Критики считают эту процедуру образцовым примером сбора данных , поскольку интенсивные вычисления часто являются неадекватной заменой знаний в предметной области. Кроме того, результаты пошаговой регрессии часто используются неправильно, не корректируя их при выборе модели.

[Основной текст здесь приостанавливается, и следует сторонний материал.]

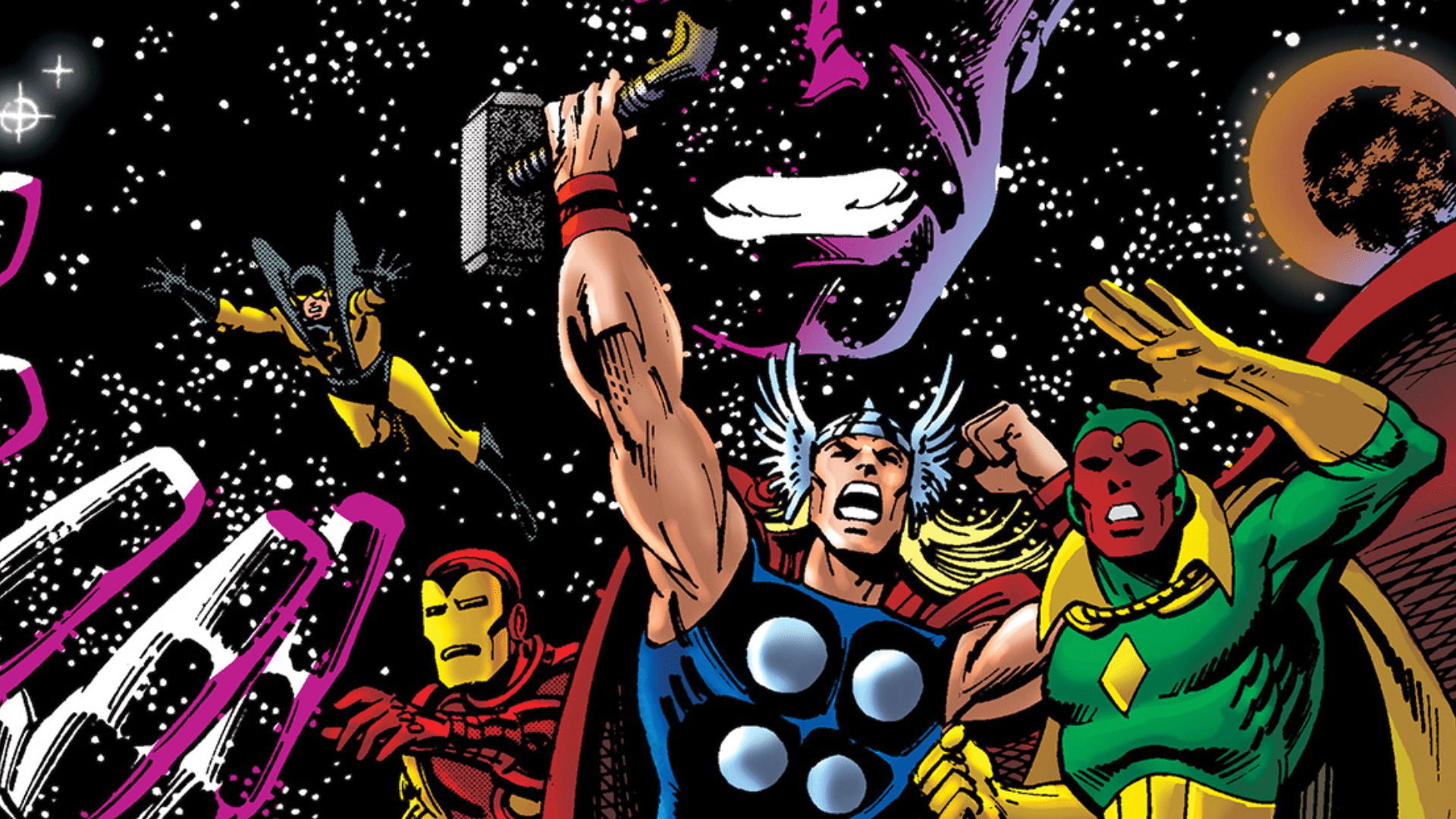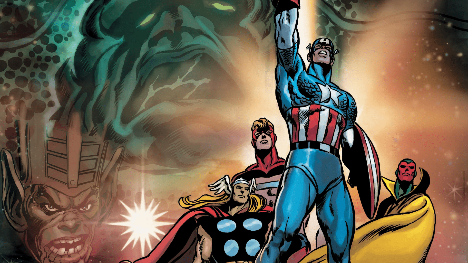 پس از کنار رفتن Stan Lee از مجموعه Avengers، نویسنده Roy Thomas هدایت این عنوان را برعهده گرفت و در ادامه مسیر، بسیاری از عناصر هویتی را بنیان گذاشت که امروزه بخش مهمی از جذابیت این تیم محسوب میشود. او با همکاری هنرمندانی چون Neal Adams و برادران Sal Buscema و John Buscema، روایت گستردهای را در قالب ماجرای موسوم به نبرد Kree و Skrull شکل داد؛ روایتی که زمین را درگیر نزاعی چند هزارساله میان دو امپراتوری قدرتمند فضایی میکرد و تنها نیرویی که میان سیاره و تهدید سلطه بیگانگان میایستاد، گروه قهرمانان نیرومند زمین بود. این دوره نشان داد که دامنه داستانهای Avengers میتواند از سطح تهدیدهای زمینی فراتر رفته و ابعادی جهانی و حتی کیهانی پیدا کند.
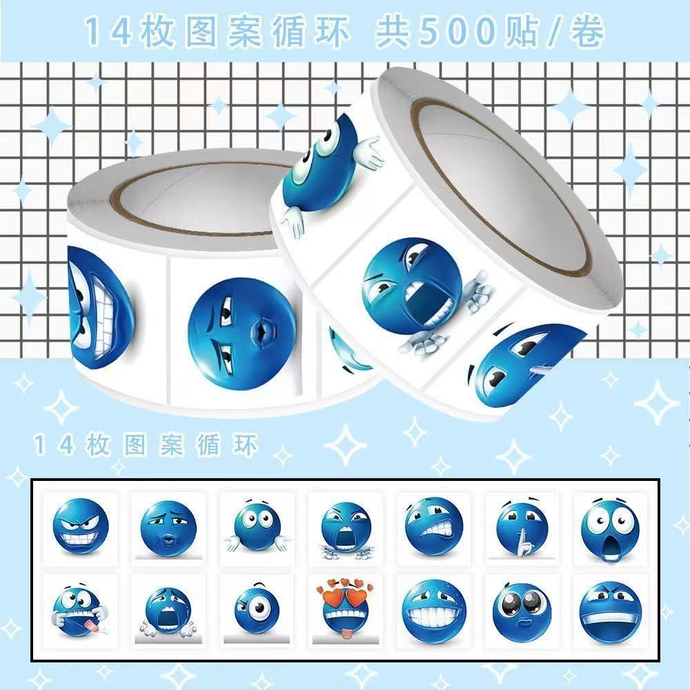크리 에이 티브 emjio500 스티커 작은 파란색 콩 이모티콘 팩 롤 스티커 재미있는 이모티콘 팩 재미 있은 추상 스티커 도매 가능스토어 가기

В частности, скандалом была названа практика подбора окончательно выбранной модели так, как будто никакого выбора модели не было, а также представление оценок и доверительных интервалов так, как если бы для них была справедлива теория наименьших квадратов. [ 7 ] Широкое распространение неправильного использования и наличие альтернатив, таких как ансамблевое обучение , оставление всех переменных в модели или использование экспертной оценки для определения соответствующих переменных, привели к призывам полностью избегать пошагового выбора модели. [ 5 ]
См. также
[ редактировать ]- Парадокс Фридмана
- Логистическая регрессия
- Регрессия по наименьшему углу
- Бритва Оккама
- Проверка регрессии
- Лассо (статистика)
Ссылки
[ редактировать ]- ^ Эфроймсон, Массачусетс (1960) «Множественный регрессионный анализ», Математические методы для цифровых компьютеров, Ралстон А. и Уилф, Х.С. (ред.), Уайли, Нью-Йорк.
- ^ Хокинг, Р.Р. (1976) «Анализ и выбор переменных в линейной регрессии», Биометрия, 32.
- ^ Дрейпер Н. и Смит Х. (1981) Прикладной регрессионный анализ, 2-е издание, Нью-Йорк: John Wiley & Sons, Inc.
- ^ SAS Institute Inc. (1989) Руководство пользователя SAS/STAT, версия 6, четвертое издание, том 2, Кэри, Северная Каролина: SAS Institute Inc.
- ^ Jump up to: а б Флом, П.Л. и Касселл, Д.Л. (2007) «Поэтапная остановка: почему пошаговые и подобные методы выбора плохи и что вам следует использовать», NESUG, 2007.
- ^ Харрелл, Ф.Е. (2001) «Стратегии регрессионного моделирования: с применением к линейным моделям, логистической регрессии и анализу выживания», Springer-Verlag, Нью-Йорк.
- ^ Jump up to: а б Чатфилд, К. (1995) «Неопределенность модели, интеллектуальный анализ данных и статистический вывод», JR Statist. Соц. А 158, Часть 3, стр. 419–466.
- ^ Эфрон, Б. и Тибширани, Р.Дж. (1998) «Введение в начальную загрузку», Chapman & Hall/CRC.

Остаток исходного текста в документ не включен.